Assignment
Word for word, restate the records from their first line through the line with "為答謝社會各界一直以來給予我", both ends included; omit each picture.

Recorded data
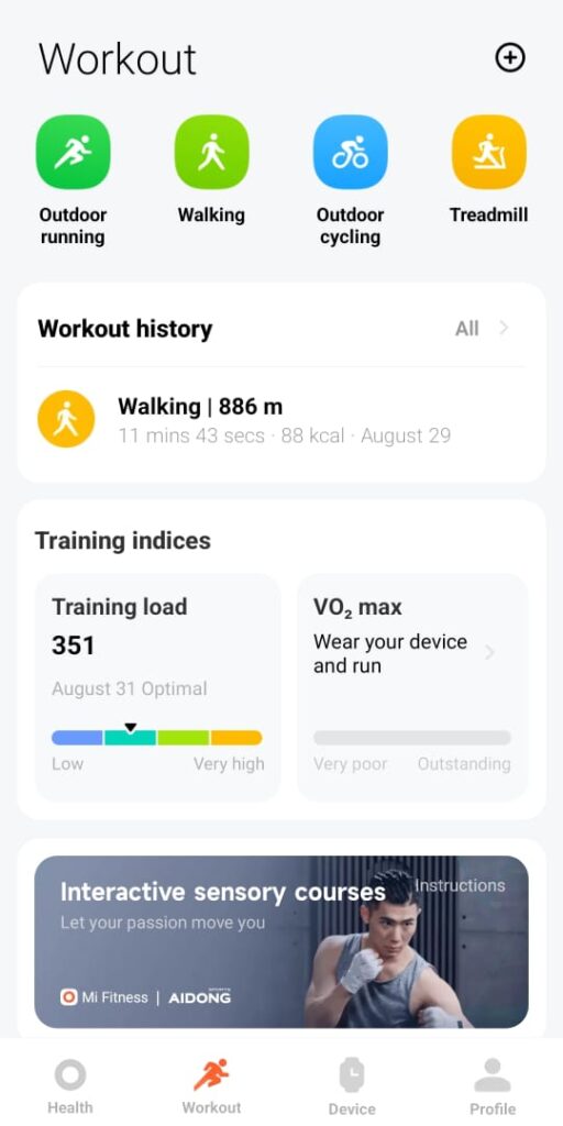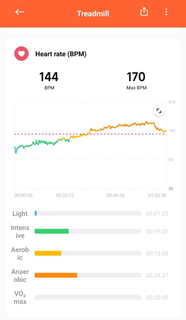 From the Mi Fitness workout, here are the example of chosen telemetry.
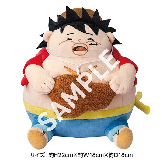 チキンを食べて「満腹になったルフィ」をイメージしたデザインのぬいぐるみです。満腹なルフィが可愛らしいシルエットで表現されています。
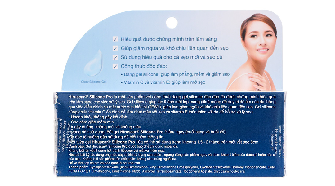 Hiruscar Silicone Pro 10g là một mỹ phẩm trị sẹo với công thức dạng gel silicone độc đáo đã được chứng minh hiệu quả trên lâm sàng cho việc xử lý sẹo. Gel silicone giúp tạo thành một lớp màng film mỏng để duy trì độ ẩm của da, thông qua việc điều chỉnh sự mất nước qua biểu bì, giúp làm giảm ngứa và khó chịu liên quan đến sẹo. Gel silicone cũng chứa vitamin C ổn định để làm nhạt màu vết sẹo và vitamin E thân thiện với da để hỗ trợ xử lý sẹo.
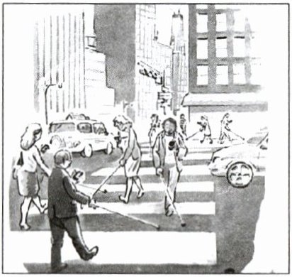 25. 示例:在车水马龙的大街上,人们都拄着拐杖探路,目不转睛地看着手机,全然不顾来往车辆。
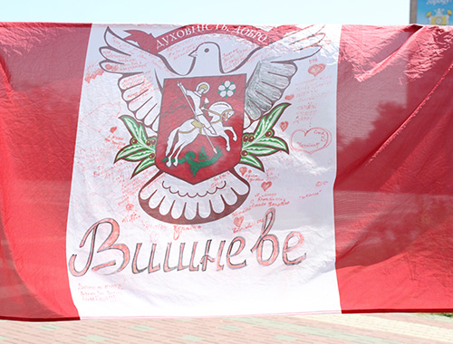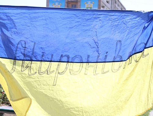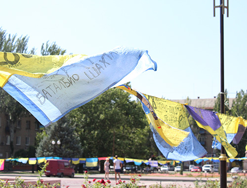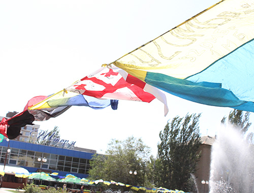 Ныне акция шагает по Запорожской области. Сегодня флаги развешены на центральной площади Мелитополя. Множество сине-желтых, расписанных маркерами полотен развеваются на ветру. На них - сотни слов, передающихся с помощью этих флагов от города к городу, от человека к человеку. Акция продлится до восьми вечера, и любой желающий также может принять в ней участие, оставив пожелание на чистом флаге, который после отправится дальше.
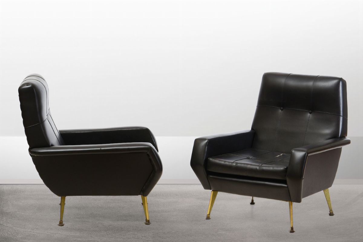 Coppia di poltrone con struttura in ottone e legno. Rivestimenti in skai.
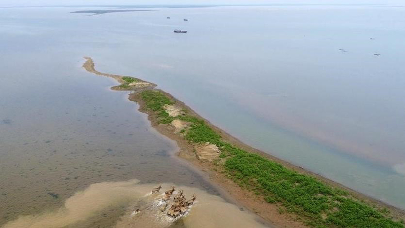 被野放的麋鹿在江西鄱阳湖湿地奔跑
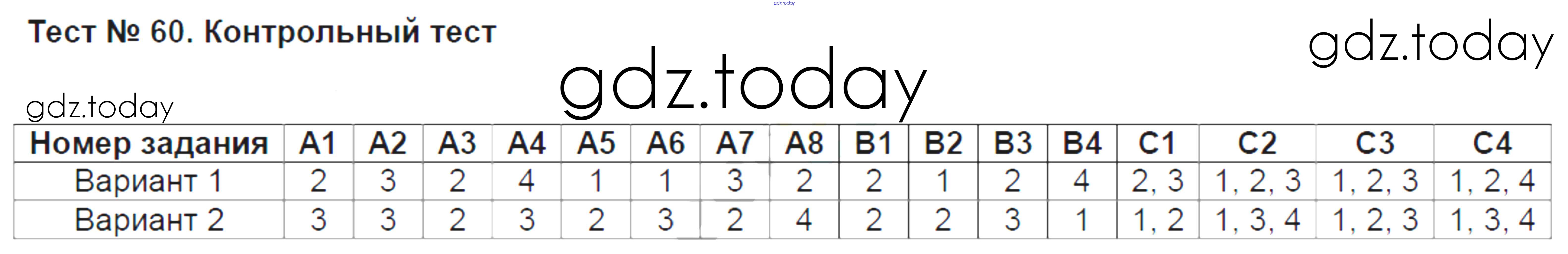 Ответы к Решение к тестам 60 Контрольно-измерительным материалам (КИМ) по Окружающему миру для 4 класса Тихомирова Экзамен 2014
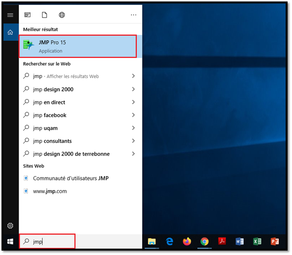 7. À partir du Menu démarrer, exécuter le logiciel JMP Pro 16.
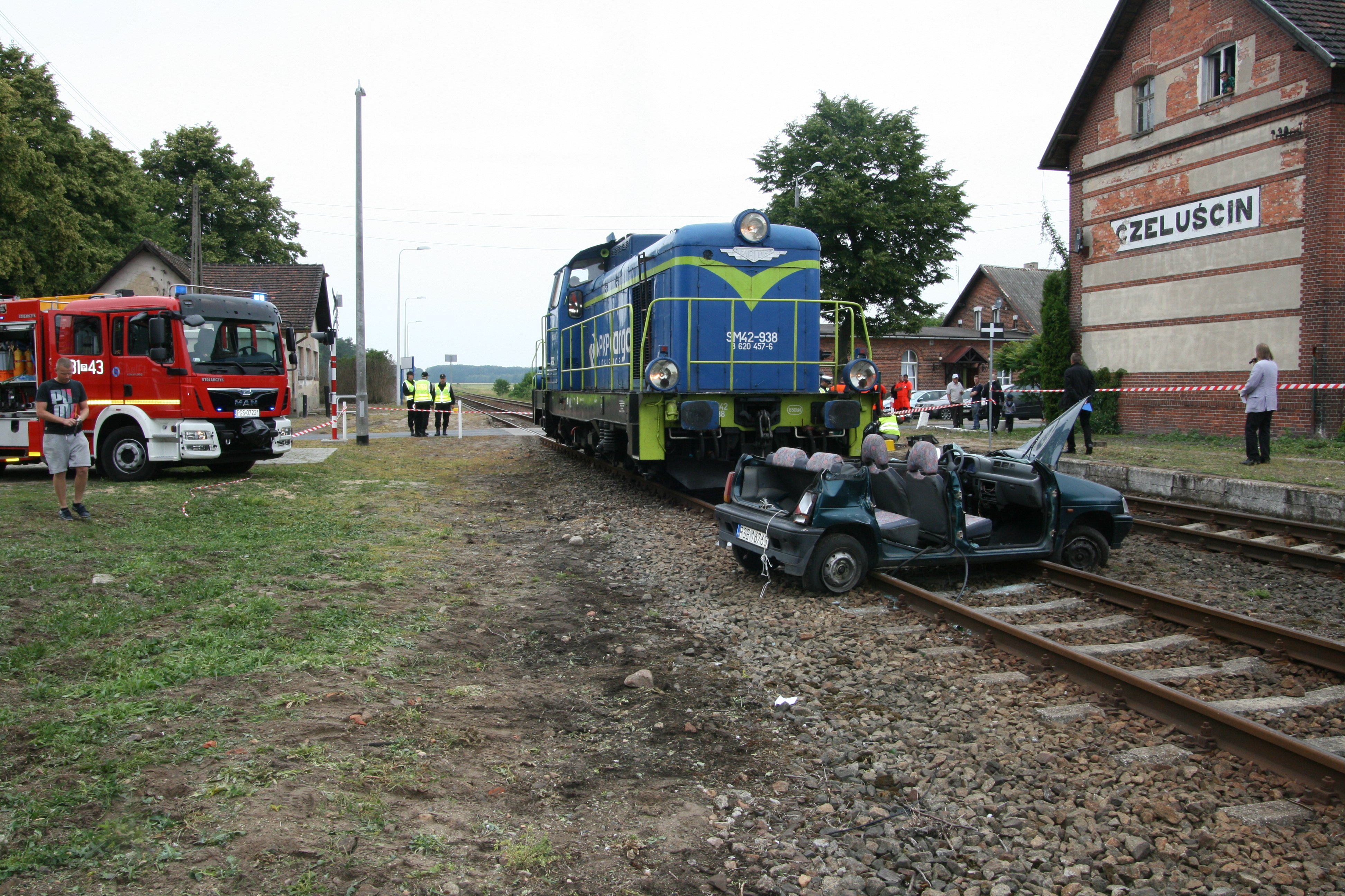 Symulacja zderzenia lokomotywy z samochodem na przejeździe kolejowo-drogowym w miejscowości Czeluścin
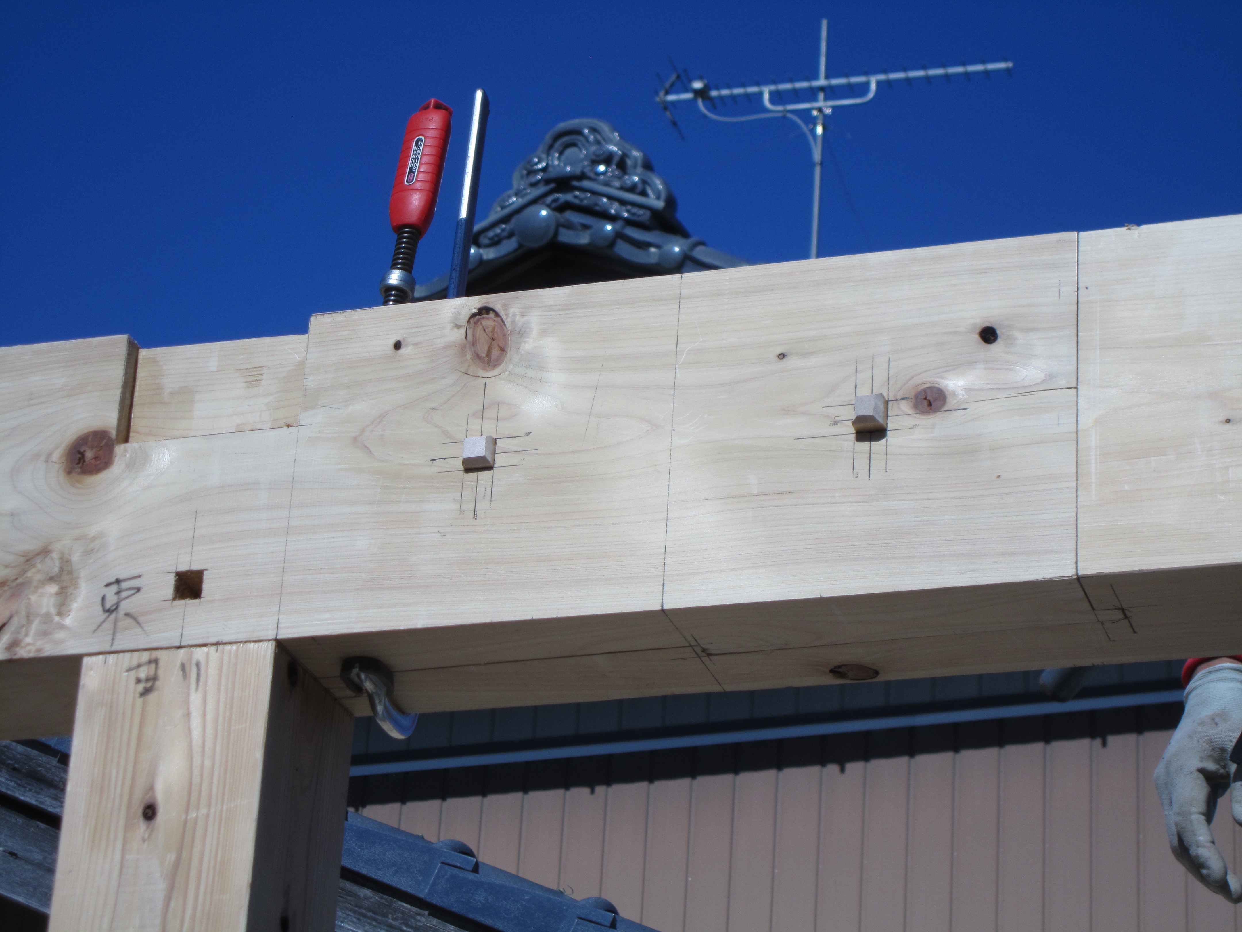 窓など開口部の上の強度を上げる「まぐさ組み」とその端部の仕口「ホゾ抜き込栓打ち」
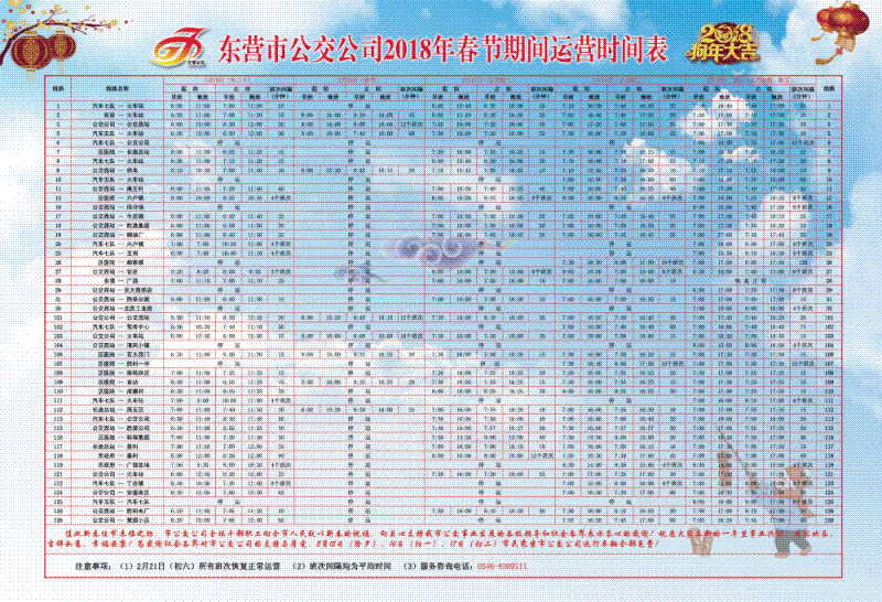 為答謝社會各界一直以來給予我市公交事業(yè)的關(guān)心和支持,東營市公交公司春節(jié)期間線路運(yùn)行時(shí)刻表新鮮出爐,今年年三十、年初一、年初二市民乘坐市公交公司運(yùn)行車輛全部免費(fèi)。
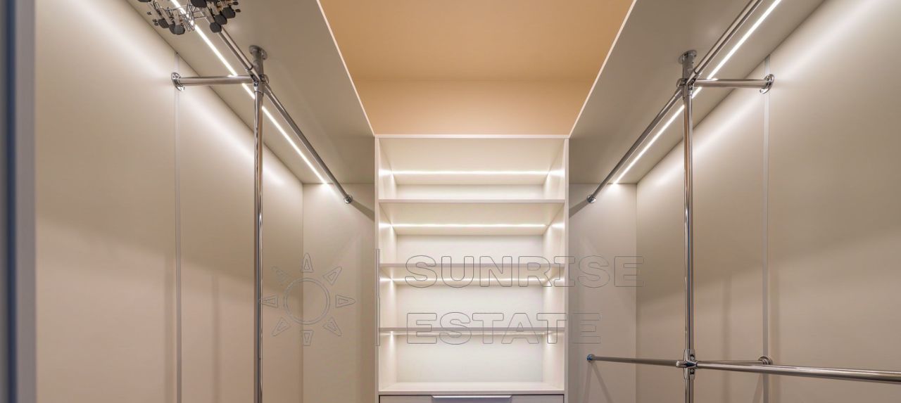 - Гардеробная + Встроенные шкафы (в спальне + в гостиной) + Антресольные шкафы и обувница в прихожей - отвечают за хранение ваших вещей

Result for this exercise
 From the Mi Fitness workout, here are the example of chosen telemetry.
 チキンを食べて「満腹になったルフィ」をイメージしたデザインのぬいぐるみです。満腹なルフィが可愛らしいシルエットで表現されています。
 Hiruscar Silicone Pro 10g là một mỹ phẩm trị sẹo với công thức dạng gel silicone độc đáo đã được chứng minh hiệu quả trên lâm sàng cho việc xử lý sẹo. Gel silicone giúp tạo thành một lớp màng film mỏng để duy trì độ ẩm của da, thông qua việc điều chỉnh sự mất nước qua biểu bì, giúp làm giảm ngứa và khó chịu liên quan đến sẹo. Gel silicone cũng chứa vitamin C ổn định để làm nhạt màu vết sẹo và vitamin E thân thiện với da để hỗ trợ xử lý sẹo.
 25. 示例:在车水马龙的大街上,人们都拄着拐杖探路,目不转睛地看着手机,全然不顾来往车辆。
 Ныне акция шагает по Запорожской области. Сегодня флаги развешены на центральной площади Мелитополя. Множество сине-желтых, расписанных маркерами полотен развеваются на ветру. На них - сотни слов, передающихся с помощью этих флагов от города к городу, от человека к человеку. Акция продлится до восьми вечера, и любой желающий также может принять в ней участие, оставив пожелание на чистом флаге, который после отправится дальше.
 Coppia di poltrone con struttura in ottone e legno. Rivestimenti in skai.
 被野放的麋鹿在江西鄱阳湖湿地奔跑
 Ответы к Решение к тестам 60 Контрольно-измерительным материалам (КИМ) по Окружающему миру для 4 класса Тихомирова Экзамен 2014
 7. À partir du Menu démarrer, exécuter le logiciel JMP Pro 16.
 Symulacja zderzenia lokomotywy z samochodem na przejeździe kolejowo-drogowym w miejscowości Czeluścin
 窓など開口部の上の強度を上げる「まぐさ組み」とその端部の仕口「ホゾ抜き込栓打ち」
 為答謝社會各界一直以來給予我市公交事業(yè)的關(guān)心和支持,東營市公交公司春節(jié)期間線路運(yùn)行時(shí)刻表新鮮出爐,今年年三十、年初一、年初二市民乘坐市公交公司運(yùn)行車輛全部免費(fèi)。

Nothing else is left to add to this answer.